Strange Things Might Work Ali Bramwell, Paul Cullen, Peter Nicholls

30 September 2003 - 11 October 2003

Dunedin based artist Ali Bramwell will curate a show of fellow sculptors' drawings that focuses on the process of producing work; the ongoing dialogue between theory, concept and practice. Making Art is often mythologised. However, by exhibiting drawings and small sculptural explorations, Bramwell will frame the process of sculpture as the artists experience it. Bramwell will provide what is usually a very private process for spectator pleasure and consumption, interrogating where art begins, as well as what constitutes an art product. 

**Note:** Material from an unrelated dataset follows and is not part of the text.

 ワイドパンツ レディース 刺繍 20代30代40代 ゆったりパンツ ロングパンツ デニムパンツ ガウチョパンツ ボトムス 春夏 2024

Drawing for sculpture is something that exists outside of painting and drawing traditions. An artist who engages with three-dimensional space may sometimes use the two dimensional as a problem-solving tool, used to redefine but also to expand the possibilities for occupying physical space. As explorations the drawings are never completely separate from the three-dimensional work that may result, but will take parallel roads and suggest avenues that the sculptural objects do not and perhaps cannot fulfil.

Conceived and implemented by Bramwell, this exhibition is intended as a framing of the activity of 'drawing' when it occurs as part of a sculptors thinking process. Here, drawing is explored and broadly interpreted by three different sculptors as a way of thinking, a vector of possibility as part of a wider inquiry, an incidental endpoint on the way somewhere else.